**Data items**
↓↓↓
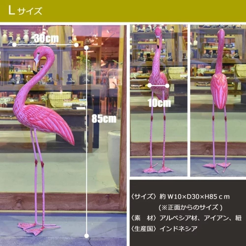 ピンクカラーが可愛い木彫りのフラミンゴです。
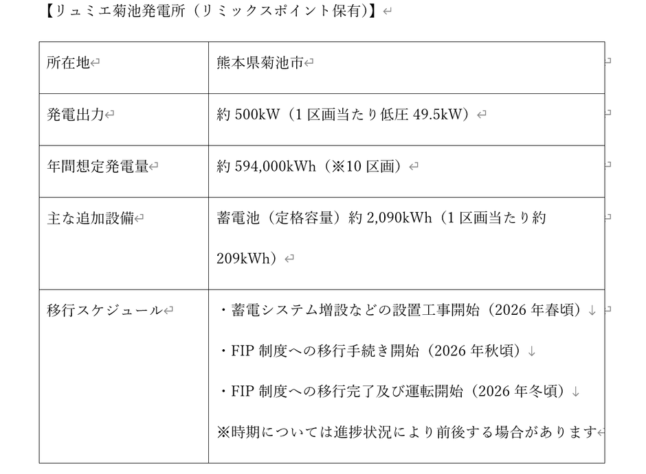 当社が保有する鹿児島県志布志市の低圧太陽光発電所10区画と、リミックスポイントが保有する熊本県菊池市の10区画を対象に、FIT制度からFIP制度への移行を見据えた運用を、リミックスポイントがアグリゲーターとして行います。運用はTensor Energyが提供するTensor Cloudを用いて行います。
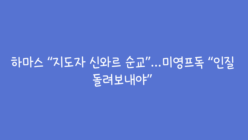 하마스 지도자 사망, 인질 석방 촉구 이스라엘, 하마스 최고지도자 사살...전쟁 종식 가능성은?이스라엘이 팔레스타인 무장 정파 하마스의 최고지도자 야히야 신와르를 사살했다고 밝혔습니다. 하마스는 이를 공식 확인하며, 신와르가 이스라엘과의 전투에서 "순교"했다고 밝혔습니다. 이 소식은 전쟁 종식에 대한 기대감을 불러일으키고 있지만, 하마스는 인질 석방을 위한 휴전과 포로 교환 협상 없이는 인질을 풀어주지 않을 것이라고 강조했습니다. 미국, 하마스 지도자 사망을 "정의의 순간"으로 규정미국은 신와르의 사망을 "정의의 순간"으로 규정하며 가자 지구가 더 나은 미래를 모색할 기회를 갖게 됐다고 밝혔습니다. 바이든 미국 대통령은 네타냐후 이스라엘 총리에게 이번 사건을 평화로 가는 길, 하마스 없는 가자의 더 나은..
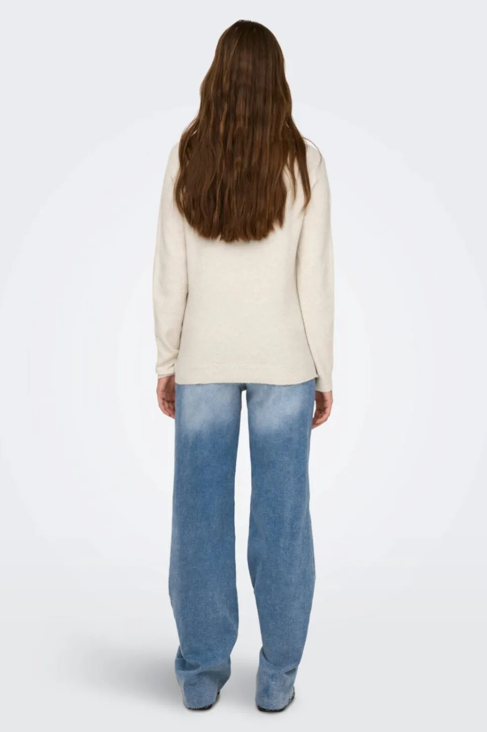 Lys beige striktrøje fra Only med rund halsudskæring og lange ærmer. Den melerede overflade giver striktrøjen en blød struktur, og den regulære pasform sikrer god bevægelsesfrihed.
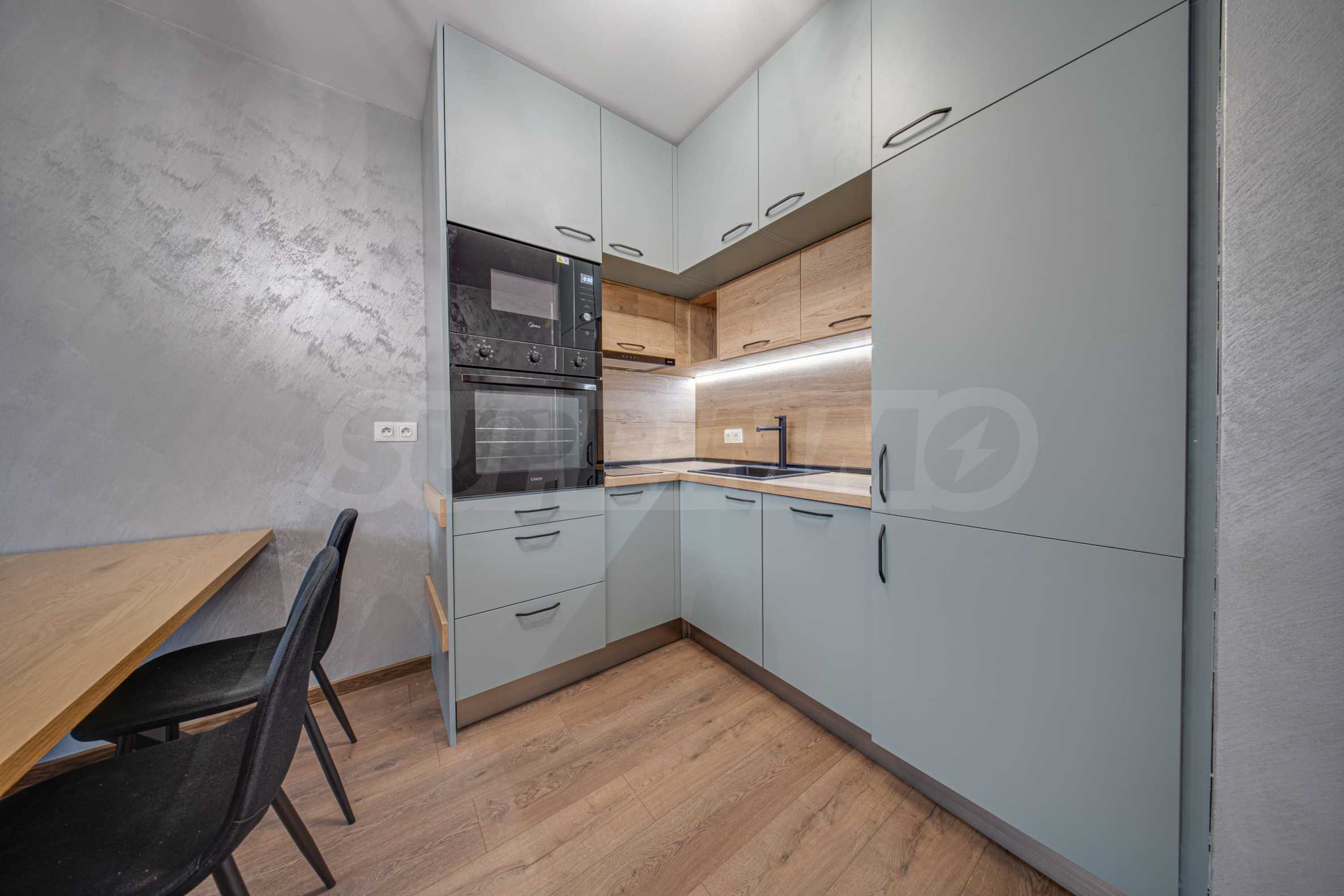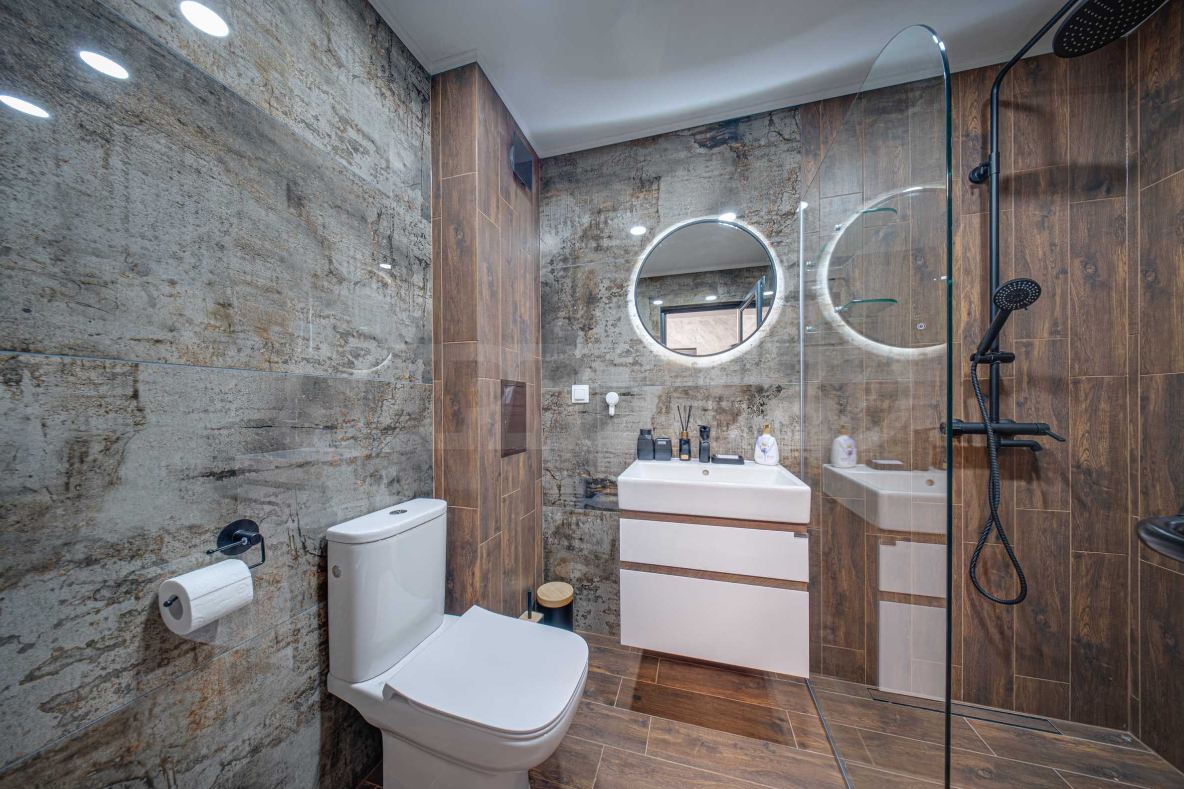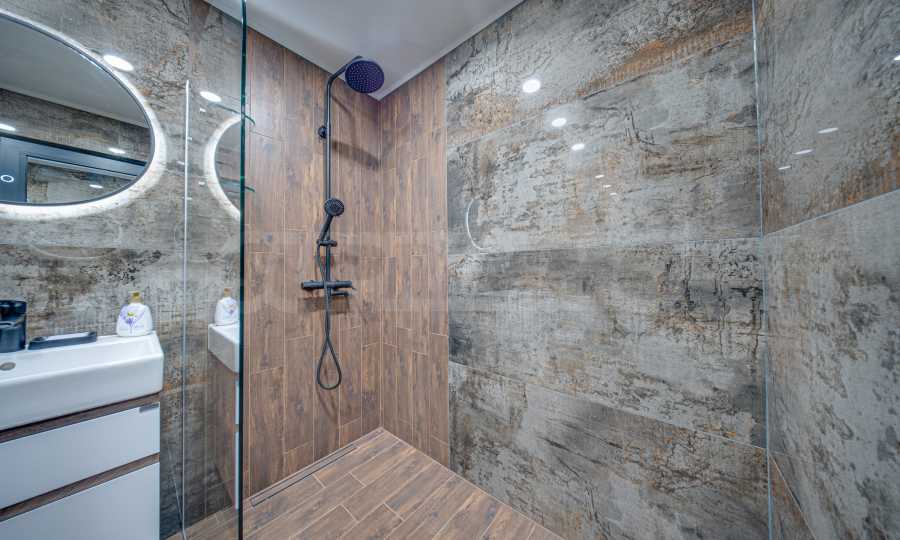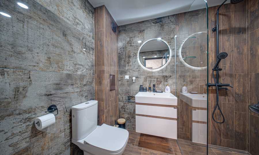 The apartment is fully furnished and equipped: washing machine, dishwasher, oven, refrigerator with freezer, hob, extractor hood, dining table, chairs, upholstered furniture, bed, wardrobes, cabinets, accessories, etc. Finishing works - flooring: high-class laminated parquet and granite tiles; walls - sand plaster, travertine and latex; bathrooms - granite tiles.
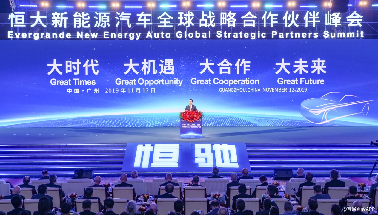 11月12日,恒大新能源汽车全球战略合作伙伴峰会在广州召开,广州市市长温国辉、恒大集团董事局主席许家印,以及206家世界汽车产业龙头企业的CEO及高管1100多人出席峰会。
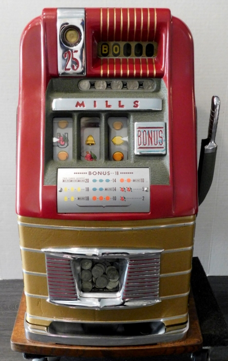 Mills 1948 Bonus Hi-Top 25 cent with the Hard to find Bonus feature. "Older Restoration" restored back to the colors of maroon, Gold, trimed in wrinkle Green. Very nice original oak stained cabinet, jackpot with reserve, new original award card, original cash box, original back door, original Mills lock with one key. The only thing that is not original on this machine is reel strips and paint
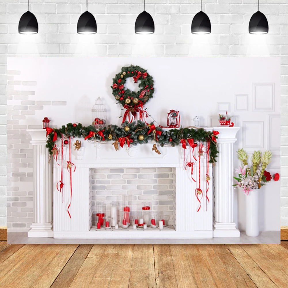 Рождественская фотозона часы гирлянда камин интерьер фотография Фон новый год дом декоративный фон фотосессия Фотостудия
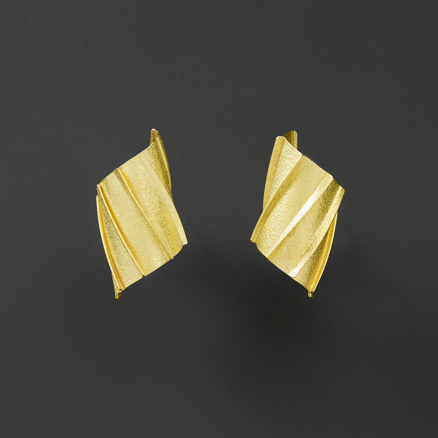 Jacqueline Mina’s technical brilliance, allied with her strong artistic curiosity has resulted in a range of sensuous, understated work, which has a rare aesthetic presence in the field of contemporary gold jewellery. Her superb technical accomplishment in manipulating precious metals is combined with a fine, painterly eye. Sources of inspiration include the Venetian Palazzo Fortuny with its textile drapes; featuring devoré velvet with their etched patterns.
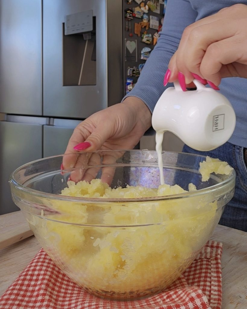 • Once cooked, drain and mash them in a bowl. Add a pinch of salt, the Parmesan, and pour in a little milk; mix well.
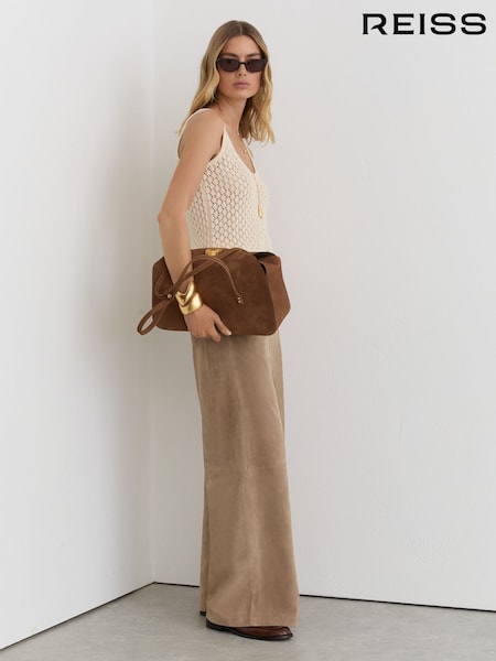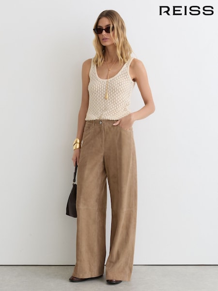 Reiss Sand Keria Suede Wide-Leg Trousers
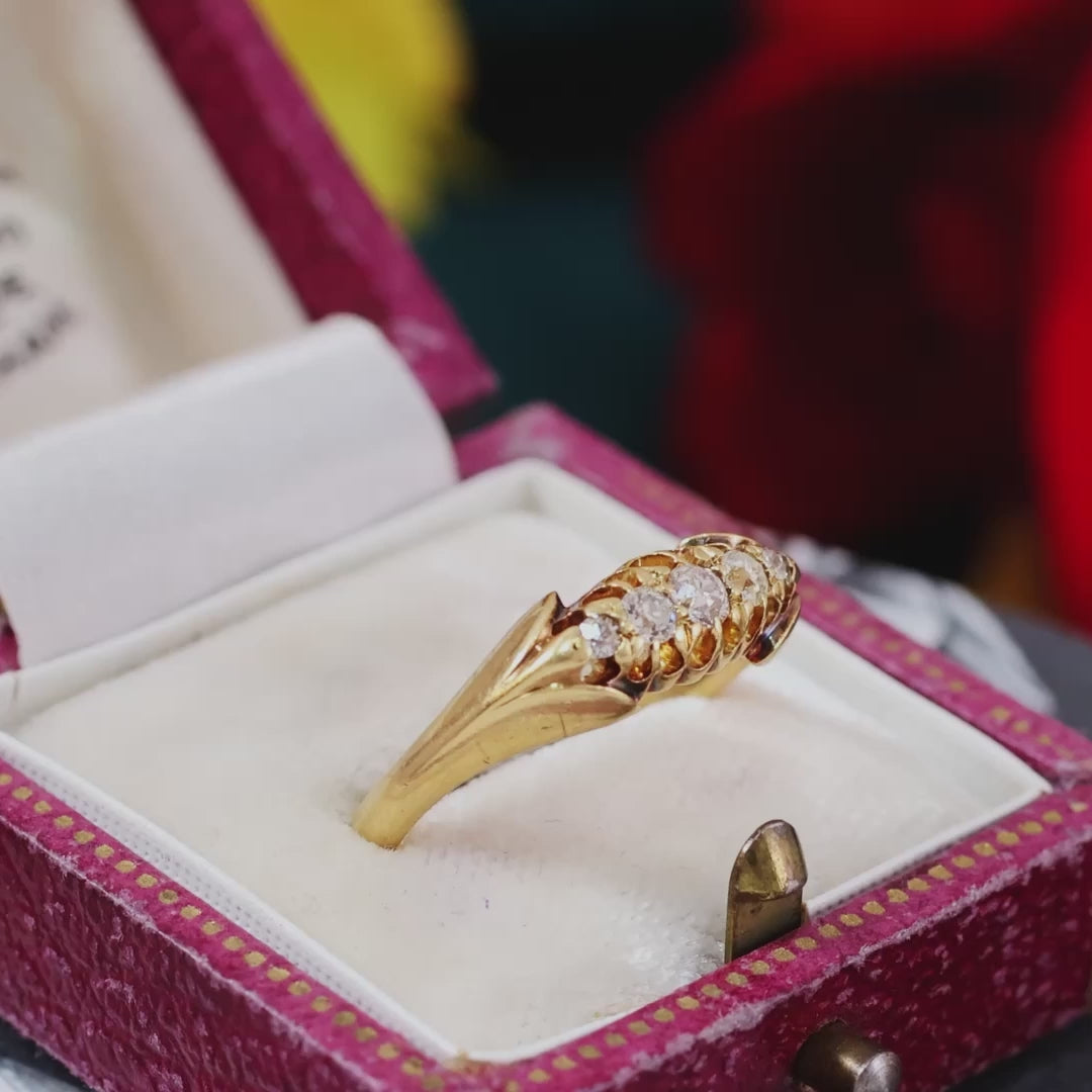 A genuinely lovely old romance and the very best option for both sustainability, ethical reasons and originality. The ring size is a 'P and a half' or '7.75' as is but we could alter to suit if you leave a message on your order form. The combined Diamond weight is in the region of 0.25ct.
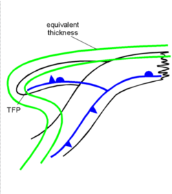 A prominent feature is the ridge of the equivalent thickness which is the consequence of the lifted warm air. In the case of well developed deep lows even a spiral structure of the ridge can be observed. But there are also situations which deviate from the distinct ridge structure. Well developed forms of Warm Front Occlusions and Cold Front Occlusions may lead to a more pronounced thickness gradient in the area of the Occlusion. This can be observed much better in the vertical cross section (see Typical appearance in vertical cross section). - Thermal front parameter (TFP):
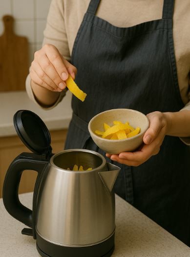 레몬껍질에는 ‘시트랄’, ‘리모넨’ 등 천연 방향성 오일이 풍부하게 함유되어 있다. 이 성분들은 항균, 탈취, 세정 작용이 뛰어나 오래된 냄새나 묵은 물때 제거에 효과적이다. 전기포트 내부에 물때가 생기거나 금속 특유의 냄새가 날 경우, 레몬껍질을 넣고 물을 끓이면 산 성분이 금속 산화물을 분해하면서 찌든 때를 부드럽게 제거해준다. 특히 주전자 바닥에 하얗게 남는 석회질 물때를 제거하는 데 효과가 있으며, 향긋한 레몬 향으로 냄새 제거 효과까지 누릴 수 있다.
↑↑↑
**INSTRUCTIONS FOR THE TASK**
An unchanged copy of the data, images excluded, is all that should be given.

**WRITTEN SOLUTION**
 ピンクカラーが可愛い木彫りのフラミンゴです。
 当社が保有する鹿児島県志布志市の低圧太陽光発電所10区画と、リミックスポイントが保有する熊本県菊池市の10区画を対象に、FIT制度からFIP制度への移行を見据えた運用を、リミックスポイントがアグリゲーターとして行います。運用はTensor Energyが提供するTensor Cloudを用いて行います。
 하마스 지도자 사망, 인질 석방 촉구 이스라엘, 하마스 최고지도자 사살...전쟁 종식 가능성은?이스라엘이 팔레스타인 무장 정파 하마스의 최고지도자 야히야 신와르를 사살했다고 밝혔습니다. 하마스는 이를 공식 확인하며, 신와르가 이스라엘과의 전투에서 "순교"했다고 밝혔습니다. 이 소식은 전쟁 종식에 대한 기대감을 불러일으키고 있지만, 하마스는 인질 석방을 위한 휴전과 포로 교환 협상 없이는 인질을 풀어주지 않을 것이라고 강조했습니다. 미국, 하마스 지도자 사망을 "정의의 순간"으로 규정미국은 신와르의 사망을 "정의의 순간"으로 규정하며 가자 지구가 더 나은 미래를 모색할 기회를 갖게 됐다고 밝혔습니다. 바이든 미국 대통령은 네타냐후 이스라엘 총리에게 이번 사건을 평화로 가는 길, 하마스 없는 가자의 더 나은..
 Lys beige striktrøje fra Only med rund halsudskæring og lange ærmer. Den melerede overflade giver striktrøjen en blød struktur, og den regulære pasform sikrer god bevægelsesfrihed.
 The apartment is fully furnished and equipped: washing machine, dishwasher, oven, refrigerator with freezer, hob, extractor hood, dining table, chairs, upholstered furniture, bed, wardrobes, cabinets, accessories, etc. Finishing works - flooring: high-class laminated parquet and granite tiles; walls - sand plaster, travertine and latex; bathrooms - granite tiles.
 11月12日,恒大新能源汽车全球战略合作伙伴峰会在广州召开,广州市市长温国辉、恒大集团董事局主席许家印,以及206家世界汽车产业龙头企业的CEO及高管1100多人出席峰会。
 Mills 1948 Bonus Hi-Top 25 cent with the Hard to find Bonus feature. "Older Restoration" restored back to the colors of maroon, Gold, trimed in wrinkle Green. Very nice original oak stained cabinet, jackpot with reserve, new original award card, original cash box, original back door, original Mills lock with one key. The only thing that is not original on this machine is reel strips and paint
 Рождественская фотозона часы гирлянда камин интерьер фотография Фон новый год дом декоративный фон фотосессия Фотостудия
 Jacqueline Mina’s technical brilliance, allied with her strong artistic curiosity has resulted in a range of sensuous, understated work, which has a rare aesthetic presence in the field of contemporary gold jewellery. Her superb technical accomplishment in manipulating precious metals is combined with a fine, painterly eye. Sources of inspiration include the Venetian Palazzo Fortuny with its textile drapes; featuring devoré velvet with their etched patterns.
 • Once cooked, drain and mash them in a bowl. Add a pinch of salt, the Parmesan, and pour in a little milk; mix well.
 Reiss Sand Keria Suede Wide-Leg Trousers
 A genuinely lovely old romance and the very best option for both sustainability, ethical reasons and originality. The ring size is a 'P and a half' or '7.75' as is but we could alter to suit if you leave a message on your order form. The combined Diamond weight is in the region of 0.25ct.
 A prominent feature is the ridge of the equivalent thickness which is the consequence of the lifted warm air. In the case of well developed deep lows even a spiral structure of the ridge can be observed. But there are also situations which deviate from the distinct ridge structure. Well developed forms of Warm Front Occlusions and Cold Front Occlusions may lead to a more pronounced thickness gradient in the area of the Occlusion. This can be observed much better in the vertical cross section (see Typical appearance in vertical cross section). - Thermal front parameter (TFP):
 레몬껍질에는 ‘시트랄’, ‘리모넨’ 등 천연 방향성 오일이 풍부하게 함유되어 있다. 이 성분들은 항균, 탈취, 세정 작용이 뛰어나 오래된 냄새나 묵은 물때 제거에 효과적이다. 전기포트 내부에 물때가 생기거나 금속 특유의 냄새가 날 경우, 레몬껍질을 넣고 물을 끓이면 산 성분이 금속 산화물을 분해하면서 찌든 때를 부드럽게 제거해준다. 특히 주전자 바닥에 하얗게 남는 석회질 물때를 제거하는 데 효과가 있으며, 향긋한 레몬 향으로 냄새 제거 효과까지 누릴 수 있다.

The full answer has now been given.